If you have any questions, you may want to check with your doctor before starting any activity.
Glossary
Ascites (uh-SY-teez): A buildup of fluid in the abdomen.
Autoimmune (AW-toh-im-YOON): A term that refers to a person’s immune system attacking his or her own body.
Biliary atresia (BILL-ee-air-ee uh-TREEZ-ya): A condition that results when the bile ducts inside or outside the liver don’t have normal openings. Bile becomes trapped in the liver, causing jaundice and cirrhosis. This condition is present from birth and without surgery may cause death.
Biopsy (BYE-op-see): Removing a small piece of tissue to view under a microscope.
Cirrhosis (sir-ROH-sis): A chronic liver condition caused by scar tissue and damage to cells. Cirrhosis makes it hard for the liver to remove poisons (toxins) like alcohol and drugs from the blood. These toxins build up in the blood and may affect the brain.

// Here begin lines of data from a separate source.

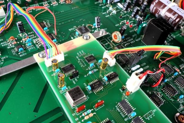 Печатная плата с электронными компонентами занимает все дно блока. Практически все, что мы можем здесь увидеть, было непосредственно заимствовано из предыдущей версии. Но можно увидеть также и изменение - и оно кардинально важное. До обработки, сигнал сперва попадает на цифровой приемник - прославленный чип Yamaha YM3436D, высоко ценимый производителями за свой низкий джиттер и хорошее подавление шумов. Чип принимает сигналы с длиной кодового слова до 24 бит, но его частота дискретизации ограничена 48kHz. Приемник изолирован от входа трансформаторами, согласующими импеданс. В предыдущей версии сигнал затем подавался на чип K2 JCV8009, установленный на плату справа от приемника, который отвечал за интерполяцию сигнала, конверсию из 16 бит в 24 бита и апсемплинг до 88.2 кГц. Теперь все по-другому. В центре основной печатной платы, в специально выделенном для этого месте, установлена еще одна печатная плата с логическими микросхемами. На входе мы видим все тот же чип K2 JCV8009 (тот, что расположен на основной печатной плате видимо больше не используется) окруженный восемью воротами CMOS, представляющими собой, как я предполагаю, часть схемы апсемплинга и цифровой фильтрации. Использовавшийся до этого цифровой фильтр NPC, по-видимому, отключен. Плата включает в себя также превосходный задающий мастер-генератор, гораздо лучший, чем тот, что использовался до этого, и усовершенствованный источник питания. Перед тем, как покинуть плату сигнал попадает на цифровой фильтр – еще одну великолепную микросхему почтенного возраста: Burr-Brown DF1706. Она известна тем, что использовалась с цифро-аналоговыми преобразователями Burr Brown PCM1704 D/A (давно снятыми с производства) . Мы можем увидеть их на основной печатной плате, на выходе, и что важно, они обединены в пары. Окружены они превосходными конденсаторами Sanyo (пурпурного цвета), используемыми также в моем Lektor AIR. Преобразование ток/напряжение (I/U) производится микросхемой OPA627 BB, фильтрами низких частот и каскадом усиления, выполненном на стандартных операционных усилителях JRC 5534. Присутствуют два болших полипропиленовых конденсатора, но они не включены в тракт передачи сигнала. Секция с чипами ЦАП изолирована от схемы K2 с помощью оптоэлектронных компонентов. Выходные коннекторы не имеют золотого покрытия.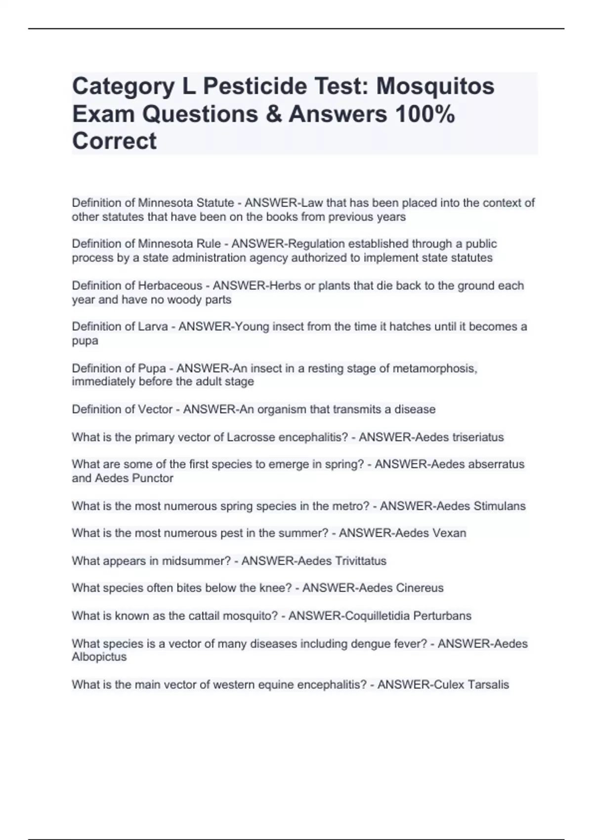 Category L Pesticide Test: Mosquitos Exam Questions & Answers 100% Correct Category L Pesticide Test: Mosquitos Exam Questions & Answers 100% Correct Category L Pesticide Test: Mosquitos Exam Questions & Answers 100% Correct Category L Pesticide Test: Mosquitos Exam Questions & Answers 100% Correct Definition of Minnesota Statute - ANSWER-Law that has been placed into the context of other statutes that have been on the books from previous years Definition of Minnesota Rule - ANSWER-Regulation established through a public process by a state administration agency authorized to implement state statutes Definition of Herbaceous - ANSWER-Herbs or plants that die back to the ground each year and have no woody parts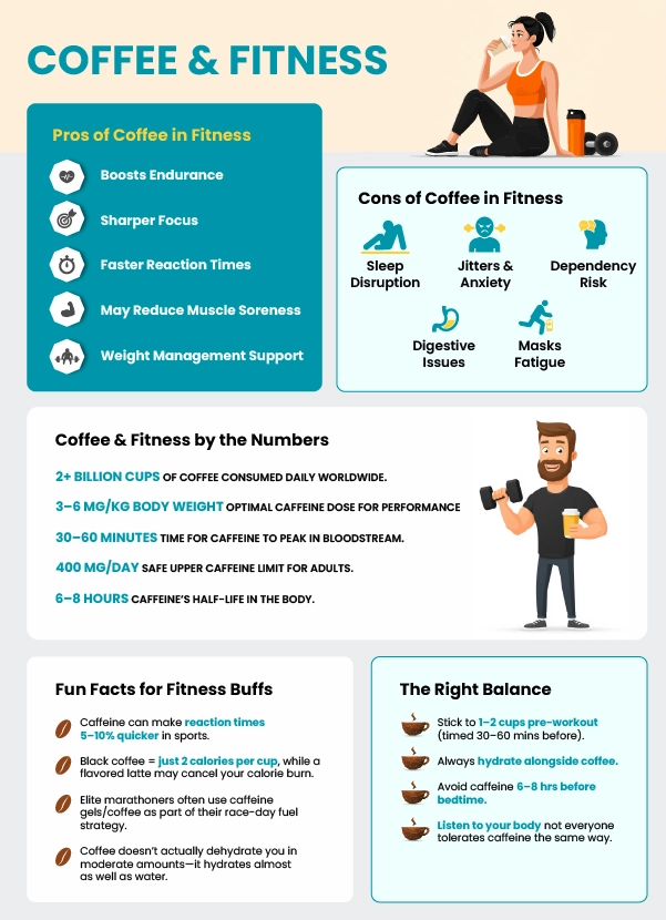 At the end of the day, it’s about balance. Treat coffee like a supportive workout buddy: helpful, motivating, but not something you should rely on for every single move. Combine it with good sleep, hydration, and nutrition, and you’ve got a winning recipe for fitness success.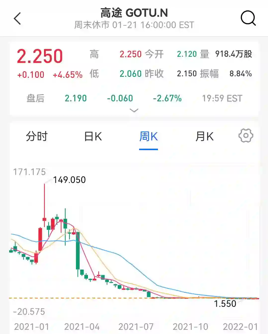 ▲高途教育2021最高股价149.05美元,如今2.25美元,跌幅超98%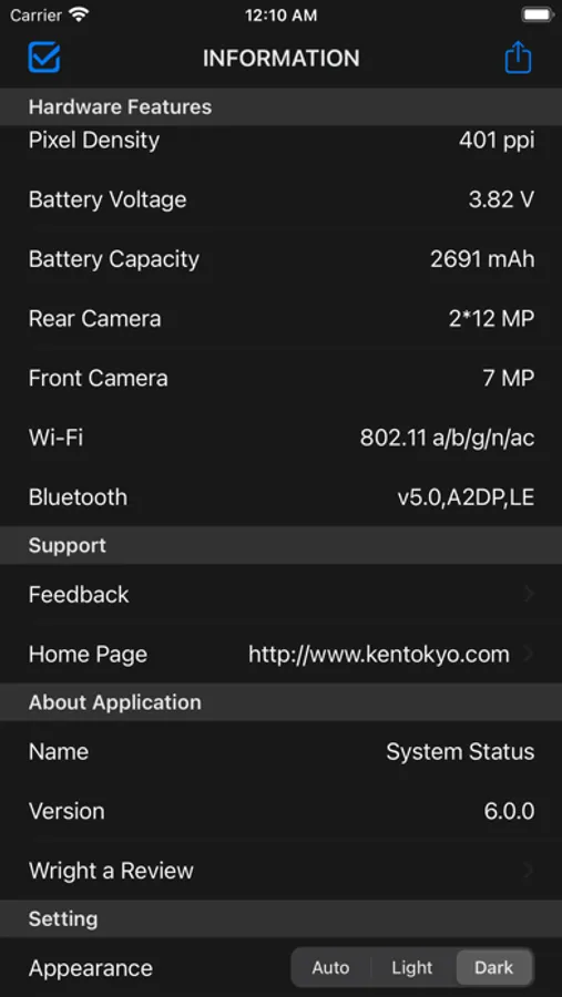 Also supports dark mode, and you can change the appearance of the app with Setting: Appearance in INFORMATION.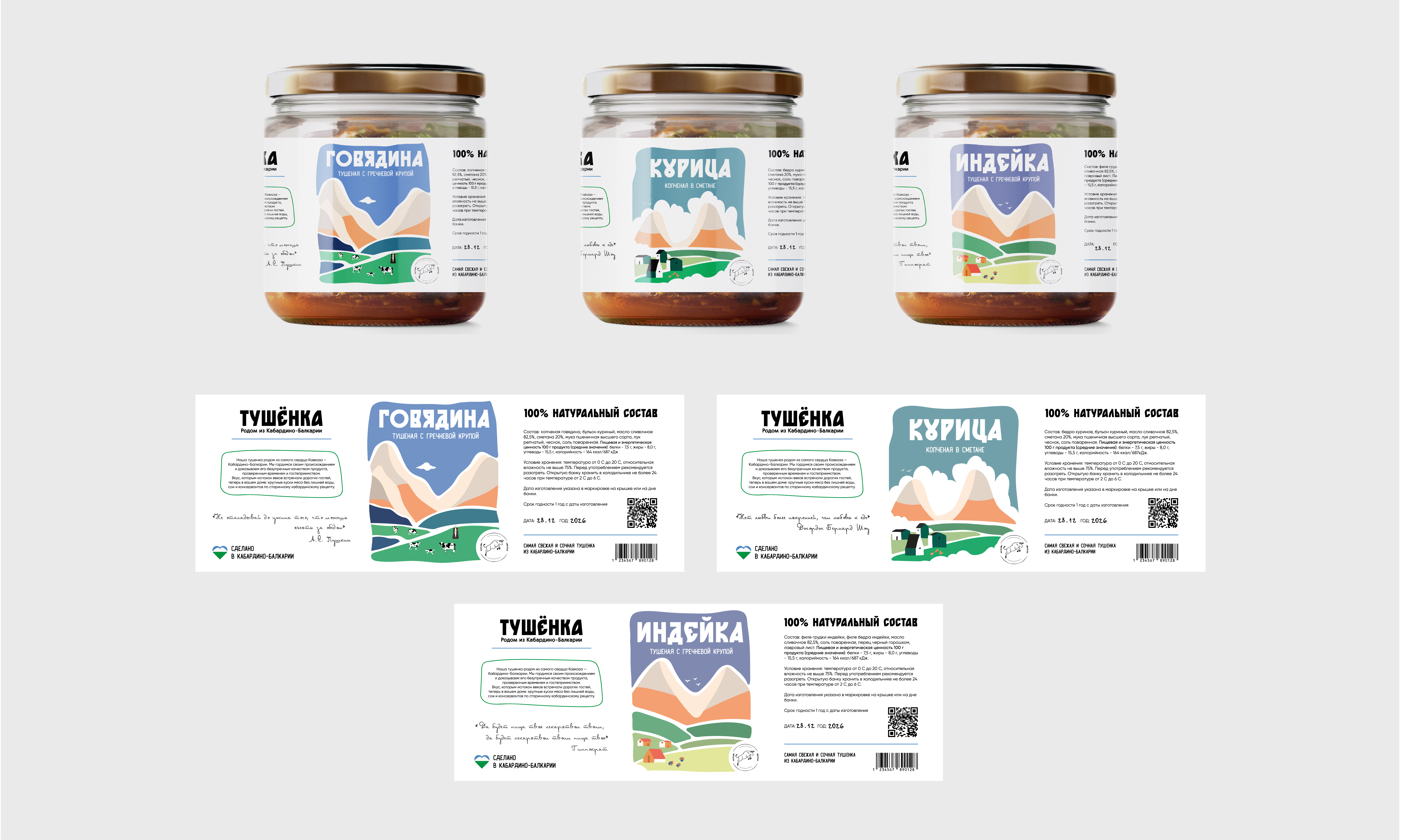 Уникальный дизайн тушенки, произведенной в Кабардино-Балкарии, направлен на создание оригинального внешнего вида, обеспечивающего преимущества перед аналогичной продукцией. Использование уникальных пейзажей, характерных для культурного наследия Кабардино-Балкарского региона, придает упаковке выразительность и эмоциональность восприятия.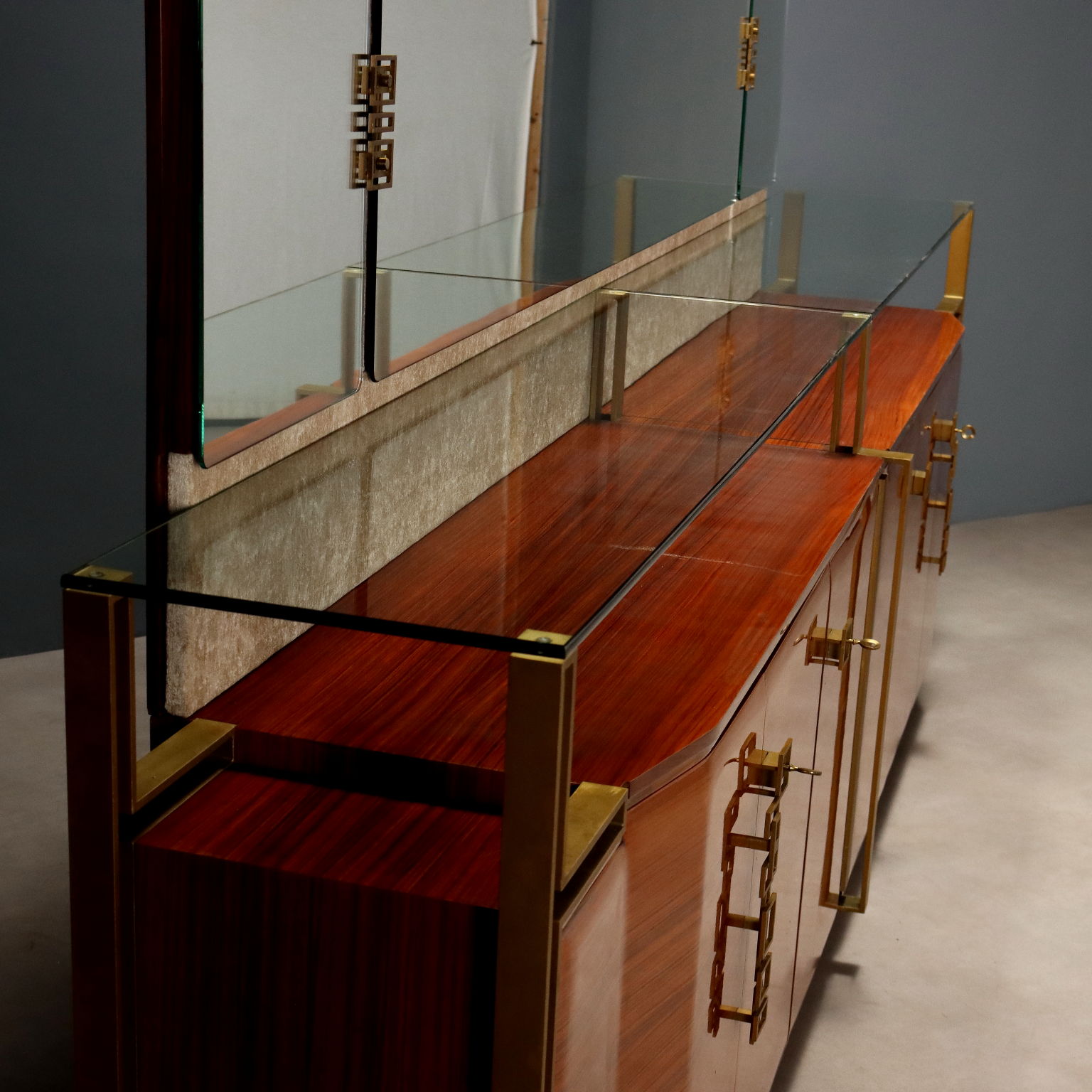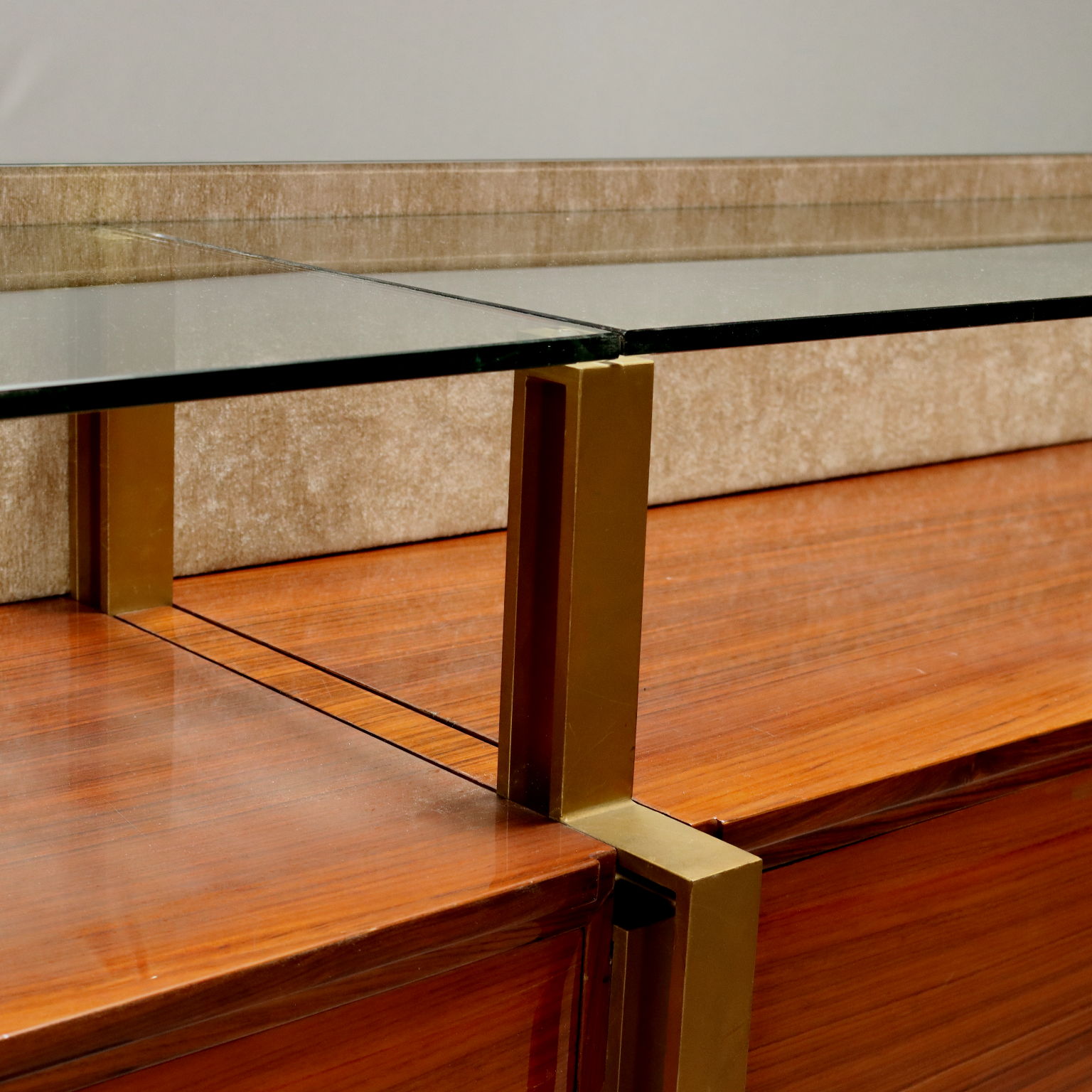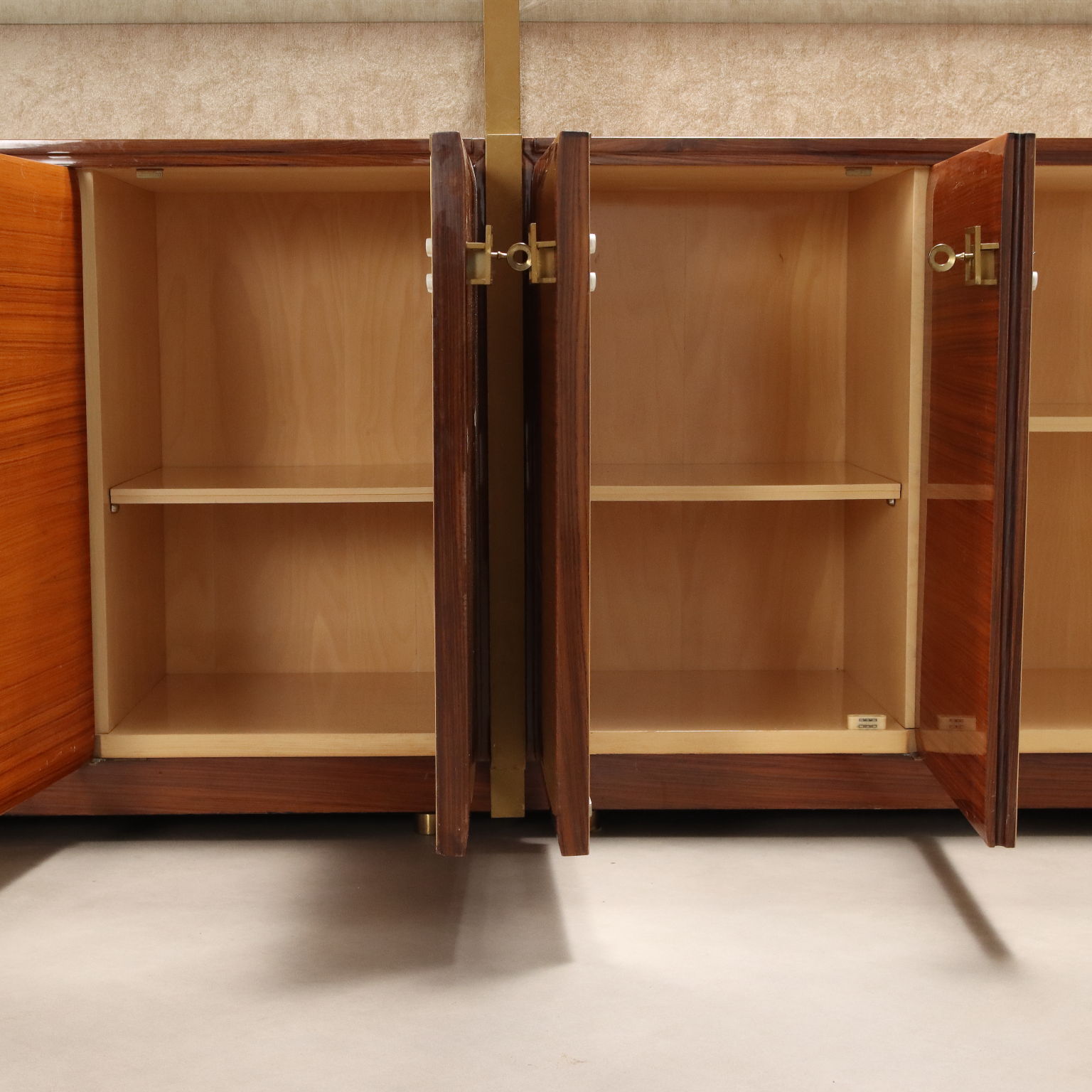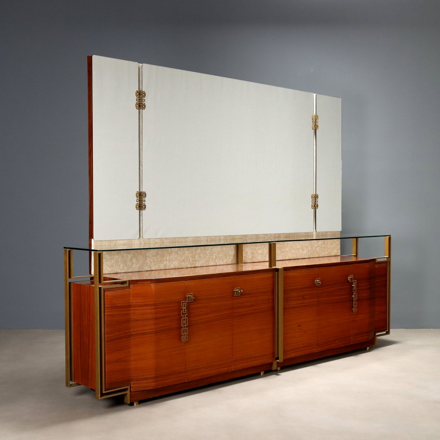 Hochwertige, handgefertigte Wohnzimmermöbel von Canturina mit messingbeschichtetem Metallgestell, Staufächern mit Flügeltüren aus exotischem Holzfurnier und Polyesterlackierung, Schubladen und Einlegeböden, einer Glasrückwand und einem großen rechteckigen Spiegel über einer neu renovierten, weißen Stoffrückwand. Restauriert.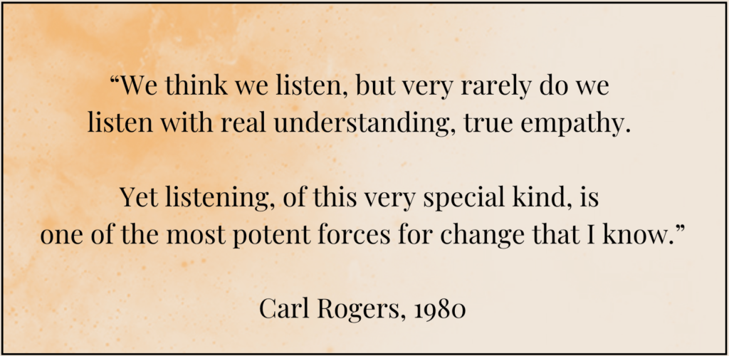 Rogers, C., & Farson, R. (1957). Active listening. In C. Rogers & R. Farson (Eds.), The Carl Rogers Reader (pp. 239–245). Houghton Mifflin.

Cyclosporine (sy-klo-SPOR-in): An immunosuppressant used after transplantation to prevent rejection.
Immunosuppressants (im-you-no-suh-PRESS-unts): Medicines that stop your immune system from attacking bacteria, viruses, and transplanted organs.
Jaundice (JAWN-dus): A symptom of many disorders. Jaundice causes the skin and the whites of the eyes to turn yellow.
Mycophenolate mofetil (MY-co-PHEN-olate MOF-i-til): An immunosuppressant used after transplantation to prevent rejection.
Sirolimus (si-RAW-lih-mus): An immunosuppressant used after transplantation to prevent rejection.
Steroids (STAIR-oids): A group of immunosuppressants used after transplantation to prevent rejection.
Tacrolimus (ta-CRAW-lih-mus): An immunosuppressant used after transplantation to prevent rejection.